Cricket: Harden at the helm
Kent. . . . . . . .144 and 201
Somerset . . . . .211 and 135-3
Somerset win by seven wickets
UNTIL mid-afternoon here yesterday the only games being played were cards and guessing who the next Somerset captain would be after Chris Tavare retires at the end of the season. But then the fate of this match had already been decided in two days, Kent in no doubt that while miracles sometimes do happen in cricket the chances of claiming 9 for 78 for a spectacular victory, when play resumed, was beyond them.
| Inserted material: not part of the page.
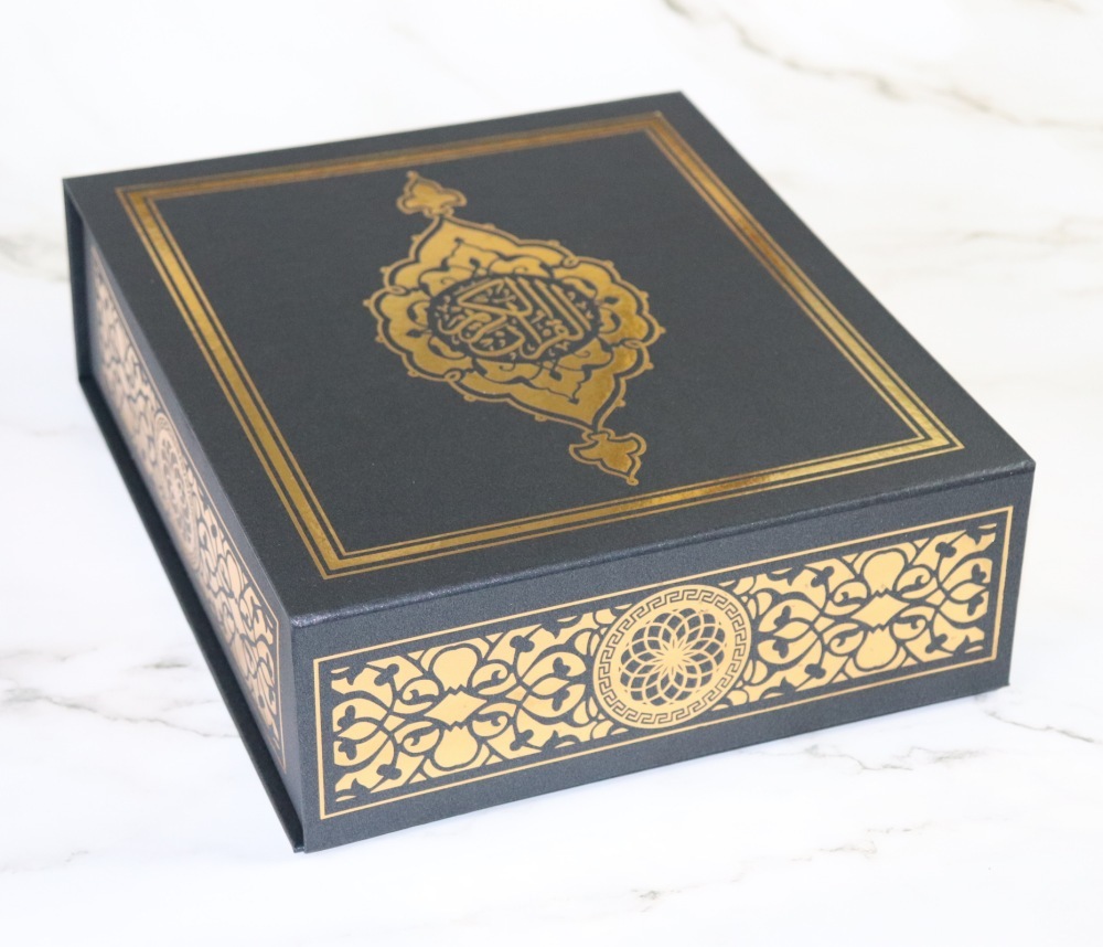Grande boite cadeau rigide (cartonnée) avec fermeture magnétique et inscription "Le Saint Coran" en arabe calligraphique (القرآن الكريم) - Couleur noir doré.

And so it proved once the real game got underway at 3pm following heavy rain, albeit Somerset taking an hour and a half over the necessary and losing two further wickets in the process before achieving their fifth Championship win of the season. Kent had been on the wrong end of the toss, a 10 for 95 return in the match from the leg-spinner Mushtaq Ahmed and a Richard Harden century.
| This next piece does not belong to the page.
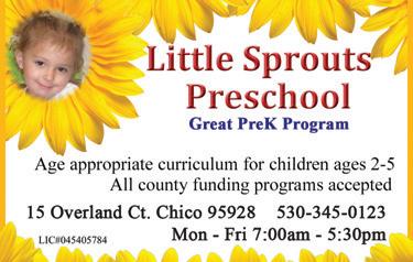 15 Overland Ct. 530-345-0123 littlesproutspreschool1@gmail.com D L Y S Little Wonders 3-5 years 8am-12:30pm Monday-Thursday

'We needed to set them something like 250 to have had a chance,' Kent's Graham Cowdrey said. Instead, while Trevor Ward had let fly with a crash, bang, wallop of a 95 on Friday, too many of his Kent colleagues had attempted to follow suit and died on the sword.
As for the wicket - upon which Lancashire, seeking nothing more than 88, had been bowled out for 72 in May by Andy Caddick - Harden's grand total of 162 showed what could be achieved by sensible batting. And it was Harden, backed up by a stylish half-century from Nick Folland that included six boundaries, who steered Somerset to their sixth successive Championship victory on this ground yesterday with an unbeaten 41.
Harden, meanwhile, is one of the names being mentioned as Tavare's successor. Somerset, though, are to take their time over finding a replacement, which suggests that the new man will be brought in from elsewhere.